● TASK BRIEF
Collect from the data below each line with "negro".

§

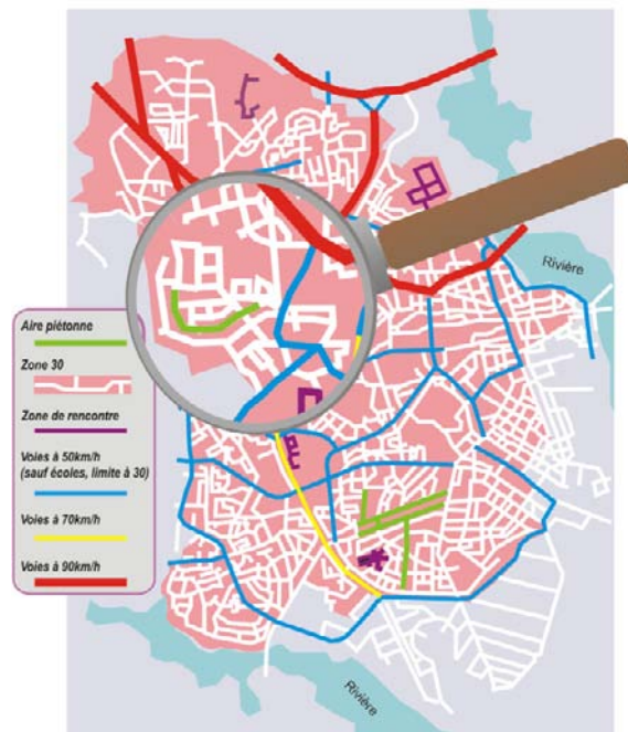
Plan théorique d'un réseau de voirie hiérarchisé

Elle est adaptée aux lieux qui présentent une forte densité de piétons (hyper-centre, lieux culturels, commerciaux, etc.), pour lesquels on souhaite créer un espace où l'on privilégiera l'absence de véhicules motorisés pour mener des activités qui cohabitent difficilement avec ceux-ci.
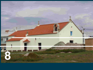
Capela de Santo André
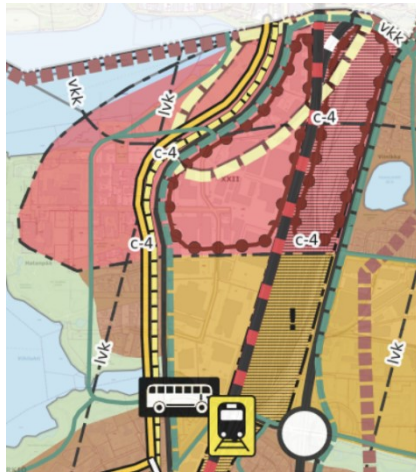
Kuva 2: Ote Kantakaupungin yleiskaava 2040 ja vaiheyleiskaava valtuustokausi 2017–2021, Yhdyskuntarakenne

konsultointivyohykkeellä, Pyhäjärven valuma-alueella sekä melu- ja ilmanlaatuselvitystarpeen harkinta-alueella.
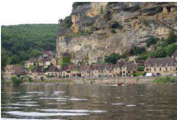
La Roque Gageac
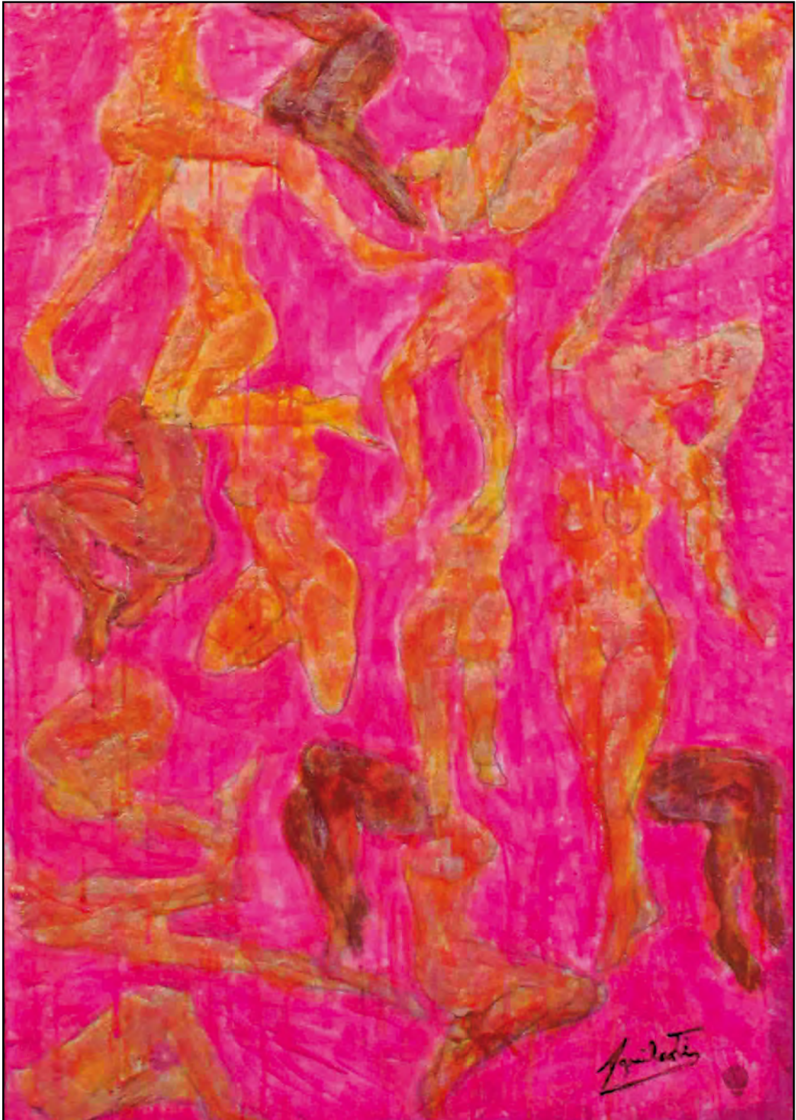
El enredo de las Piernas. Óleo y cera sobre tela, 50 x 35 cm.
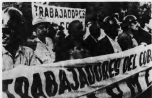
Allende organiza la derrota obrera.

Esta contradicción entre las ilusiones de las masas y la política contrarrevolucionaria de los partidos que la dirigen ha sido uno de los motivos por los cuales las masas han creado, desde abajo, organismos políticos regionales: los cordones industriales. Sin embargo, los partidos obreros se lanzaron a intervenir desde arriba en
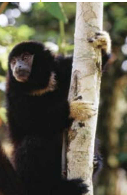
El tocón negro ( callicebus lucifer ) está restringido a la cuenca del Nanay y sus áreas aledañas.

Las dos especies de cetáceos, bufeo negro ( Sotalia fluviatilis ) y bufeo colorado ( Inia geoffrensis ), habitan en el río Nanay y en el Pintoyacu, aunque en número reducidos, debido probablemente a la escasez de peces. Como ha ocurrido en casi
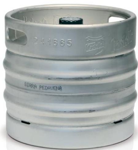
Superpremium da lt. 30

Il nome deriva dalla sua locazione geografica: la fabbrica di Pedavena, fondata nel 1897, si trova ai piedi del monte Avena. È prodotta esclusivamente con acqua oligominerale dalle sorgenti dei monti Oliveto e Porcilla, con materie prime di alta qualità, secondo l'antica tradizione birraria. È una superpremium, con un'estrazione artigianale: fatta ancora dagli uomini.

§

● ANSWER BELOW
El tocón negro ( callicebus lucifer ) está restringido a la cuenca del Nanay y sus áreas aledañas.
Las dos especies de cetáceos, bufeo negro ( Sotalia fluviatilis ) y bufeo colorado ( Inia geoffrensis ), habitan en el río Nanay y en el Pintoyacu, aunque en número reducidos, debido probablemente a la escasez de peces. Como ha ocurrido en casi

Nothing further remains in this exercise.